- [WHAT YOU WILL DO]: Print only the lines below from the one with "Visual illustrating fusion" to the one with "Το σκηνικό δεν", both included, exactly as they stand. Leave pictures out.

- [EXTRACTED INFORMATION]:

----------------

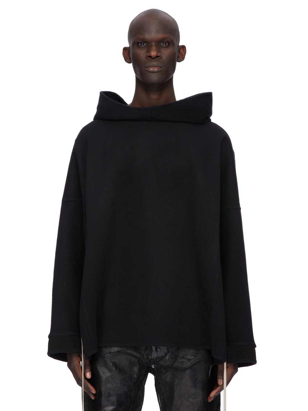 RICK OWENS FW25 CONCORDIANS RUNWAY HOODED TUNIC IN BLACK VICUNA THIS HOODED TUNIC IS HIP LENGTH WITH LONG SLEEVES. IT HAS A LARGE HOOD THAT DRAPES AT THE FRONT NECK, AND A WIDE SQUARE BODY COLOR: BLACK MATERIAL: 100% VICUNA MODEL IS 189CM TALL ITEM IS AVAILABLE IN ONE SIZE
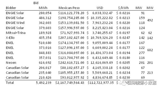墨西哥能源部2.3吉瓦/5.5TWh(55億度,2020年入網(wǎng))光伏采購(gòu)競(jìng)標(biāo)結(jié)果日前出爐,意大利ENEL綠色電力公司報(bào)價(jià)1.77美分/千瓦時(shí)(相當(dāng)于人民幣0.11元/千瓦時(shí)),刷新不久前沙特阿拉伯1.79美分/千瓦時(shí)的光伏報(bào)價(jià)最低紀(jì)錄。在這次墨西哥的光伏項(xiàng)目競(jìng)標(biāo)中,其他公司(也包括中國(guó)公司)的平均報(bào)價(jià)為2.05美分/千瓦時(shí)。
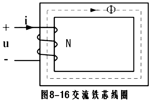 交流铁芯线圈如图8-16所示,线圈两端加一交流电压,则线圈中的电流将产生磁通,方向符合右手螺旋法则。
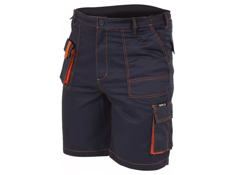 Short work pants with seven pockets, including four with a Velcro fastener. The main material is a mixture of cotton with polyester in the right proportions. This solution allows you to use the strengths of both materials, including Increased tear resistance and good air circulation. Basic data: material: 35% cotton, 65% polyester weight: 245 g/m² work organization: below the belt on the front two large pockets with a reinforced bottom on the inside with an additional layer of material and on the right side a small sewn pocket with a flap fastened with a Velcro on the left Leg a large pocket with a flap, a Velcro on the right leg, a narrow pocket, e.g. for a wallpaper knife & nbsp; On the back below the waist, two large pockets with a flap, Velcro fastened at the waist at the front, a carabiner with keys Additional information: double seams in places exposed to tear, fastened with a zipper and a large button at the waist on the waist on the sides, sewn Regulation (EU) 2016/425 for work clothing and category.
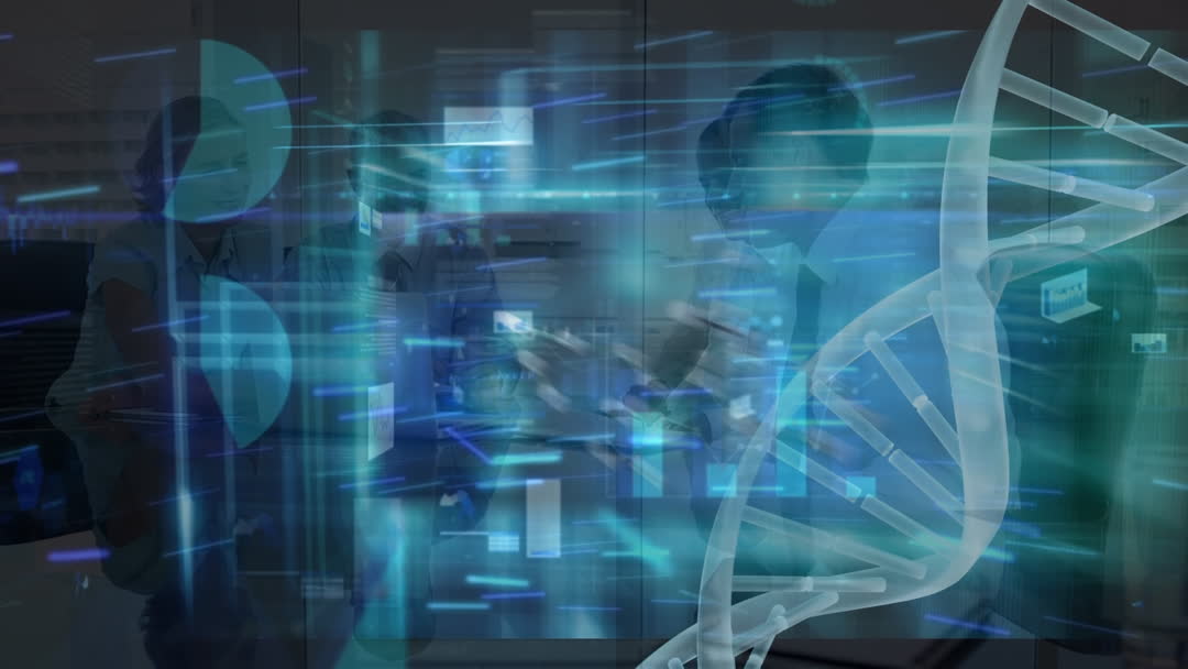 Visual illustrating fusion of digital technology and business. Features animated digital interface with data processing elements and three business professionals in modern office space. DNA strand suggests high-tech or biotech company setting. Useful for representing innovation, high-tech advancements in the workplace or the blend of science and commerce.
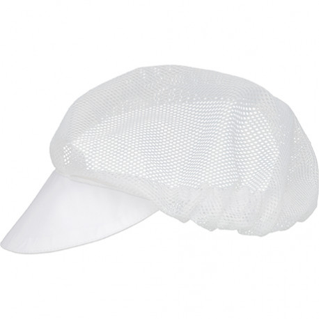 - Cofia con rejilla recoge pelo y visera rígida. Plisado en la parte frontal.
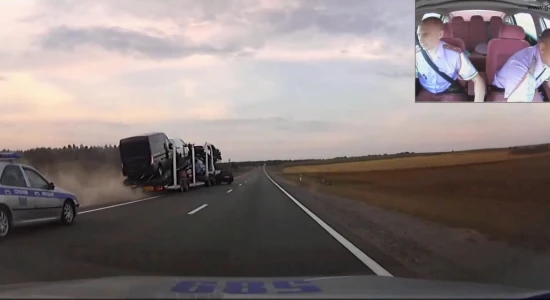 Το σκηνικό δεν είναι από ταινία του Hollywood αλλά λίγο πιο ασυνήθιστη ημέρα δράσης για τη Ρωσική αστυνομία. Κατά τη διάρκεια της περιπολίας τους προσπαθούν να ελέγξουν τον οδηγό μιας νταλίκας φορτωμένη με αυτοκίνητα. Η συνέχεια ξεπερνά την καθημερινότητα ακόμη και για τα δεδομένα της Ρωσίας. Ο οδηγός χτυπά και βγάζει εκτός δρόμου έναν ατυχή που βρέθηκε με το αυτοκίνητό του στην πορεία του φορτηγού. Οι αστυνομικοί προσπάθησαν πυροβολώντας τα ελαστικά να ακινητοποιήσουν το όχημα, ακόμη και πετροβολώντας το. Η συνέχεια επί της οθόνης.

----------------

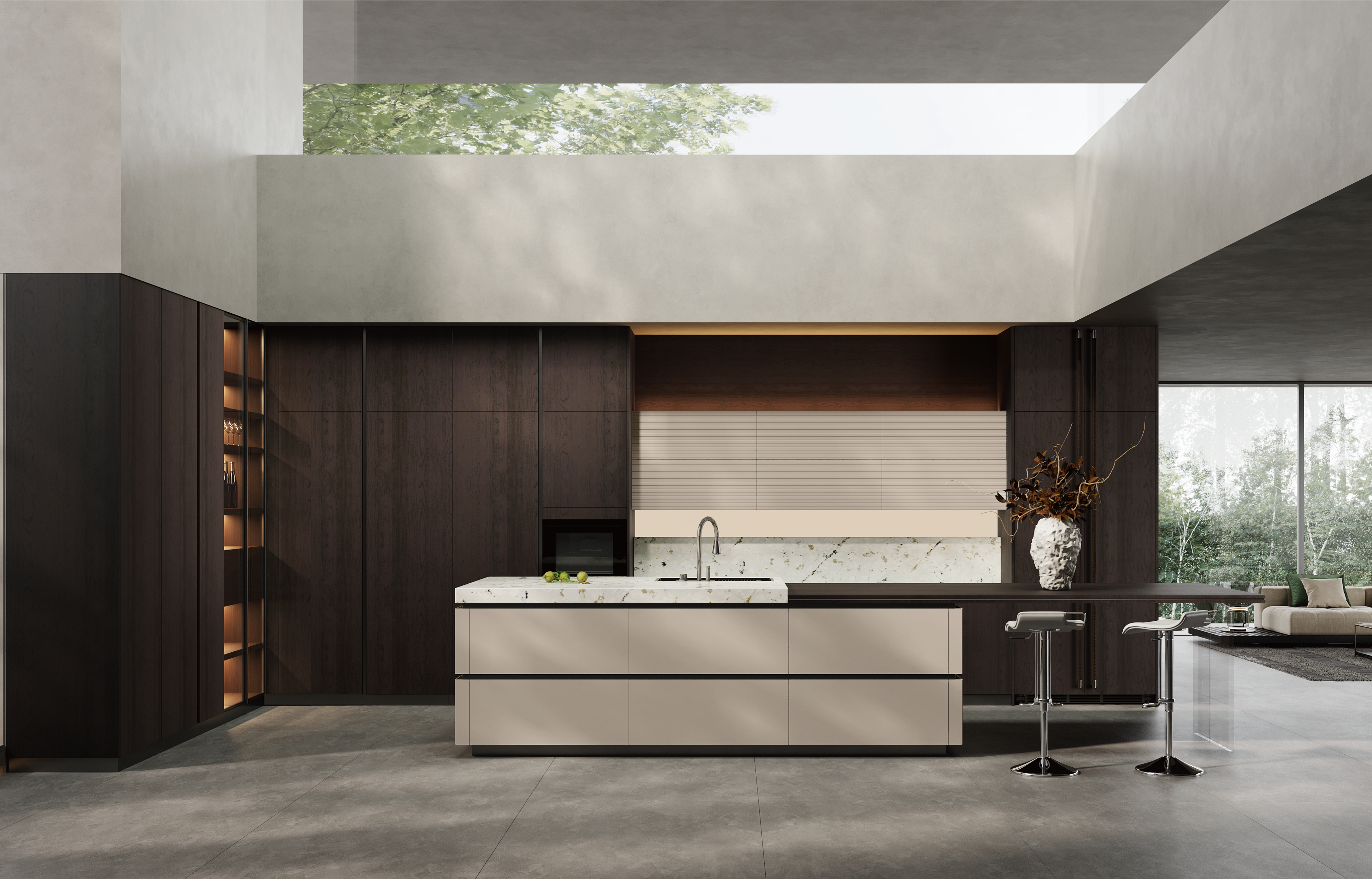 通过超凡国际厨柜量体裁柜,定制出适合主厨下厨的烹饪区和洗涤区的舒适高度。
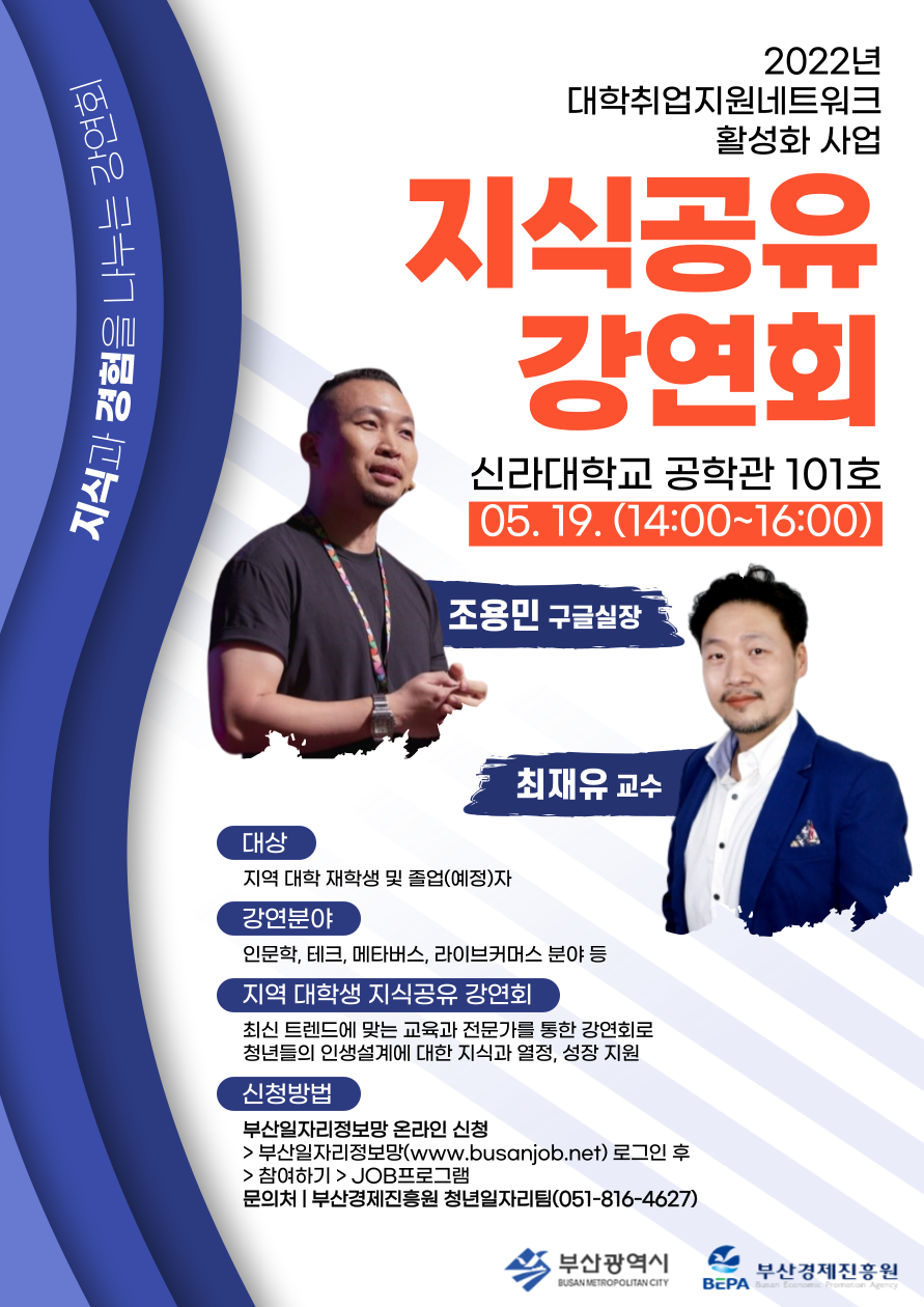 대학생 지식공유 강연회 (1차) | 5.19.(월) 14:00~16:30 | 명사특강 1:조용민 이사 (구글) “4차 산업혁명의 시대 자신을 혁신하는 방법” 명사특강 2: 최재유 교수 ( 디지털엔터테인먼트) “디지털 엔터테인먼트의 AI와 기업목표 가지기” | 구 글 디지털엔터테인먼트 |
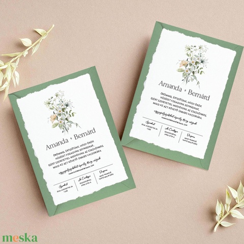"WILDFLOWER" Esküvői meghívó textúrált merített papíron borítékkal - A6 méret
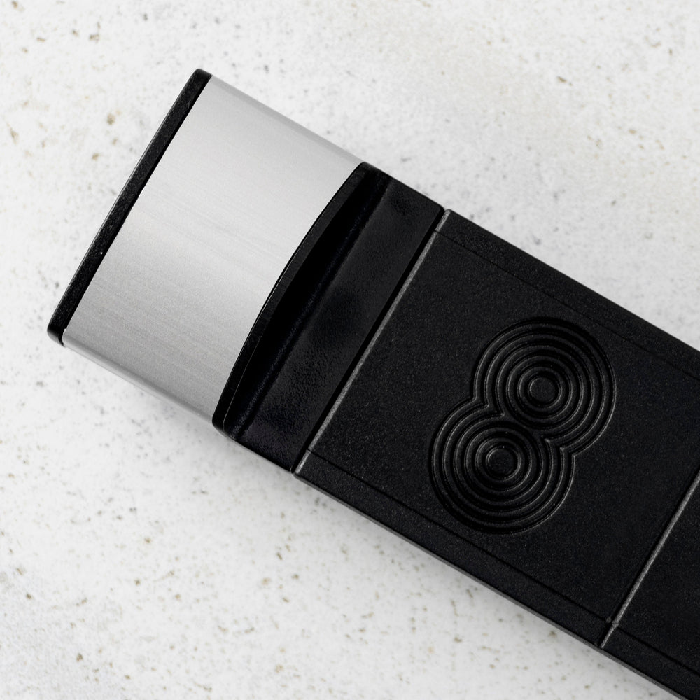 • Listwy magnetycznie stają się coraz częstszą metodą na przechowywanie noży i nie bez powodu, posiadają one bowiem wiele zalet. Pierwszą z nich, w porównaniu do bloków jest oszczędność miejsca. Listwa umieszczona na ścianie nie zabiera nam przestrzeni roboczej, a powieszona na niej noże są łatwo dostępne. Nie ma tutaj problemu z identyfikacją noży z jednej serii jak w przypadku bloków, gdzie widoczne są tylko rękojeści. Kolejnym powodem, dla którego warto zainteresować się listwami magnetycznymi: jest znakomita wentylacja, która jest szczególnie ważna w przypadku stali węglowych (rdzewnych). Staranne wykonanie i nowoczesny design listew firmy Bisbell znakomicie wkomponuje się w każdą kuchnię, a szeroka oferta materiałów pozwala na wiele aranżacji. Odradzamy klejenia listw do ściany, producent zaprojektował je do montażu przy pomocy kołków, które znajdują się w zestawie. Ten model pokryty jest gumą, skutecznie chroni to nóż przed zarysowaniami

----------------

- [ANSWER TO THIS EXERCISE]:
 Visual illustrating fusion of digital technology and business. Features animated digital interface with data processing elements and three business professionals in modern office space. DNA strand suggests high-tech or biotech company setting. Useful for representing innovation, high-tech advancements in the workplace or the blend of science and commerce.
 - Cofia con rejilla recoge pelo y visera rígida. Plisado en la parte frontal.
 Το σκηνικό δεν είναι από ταινία του Hollywood αλλά λίγο πιο ασυνήθιστη ημέρα δράσης για τη Ρωσική αστυνομία. Κατά τη διάρκεια της περιπολίας τους προσπαθούν να ελέγξουν τον οδηγό μιας νταλίκας φορτωμένη με αυτοκίνητα. Η συνέχεια ξεπερνά την καθημερινότητα ακόμη και για τα δεδομένα της Ρωσίας. Ο οδηγός χτυπά και βγάζει εκτός δρόμου έναν ατυχή που βρέθηκε με το αυτοκίνητό του στην πορεία του φορτηγού. Οι αστυνομικοί προσπάθησαν πυροβολώντας τα ελαστικά να ακινητοποιήσουν το όχημα, ακόμη και πετροβολώντας το. Η συνέχεια επί της οθόνης.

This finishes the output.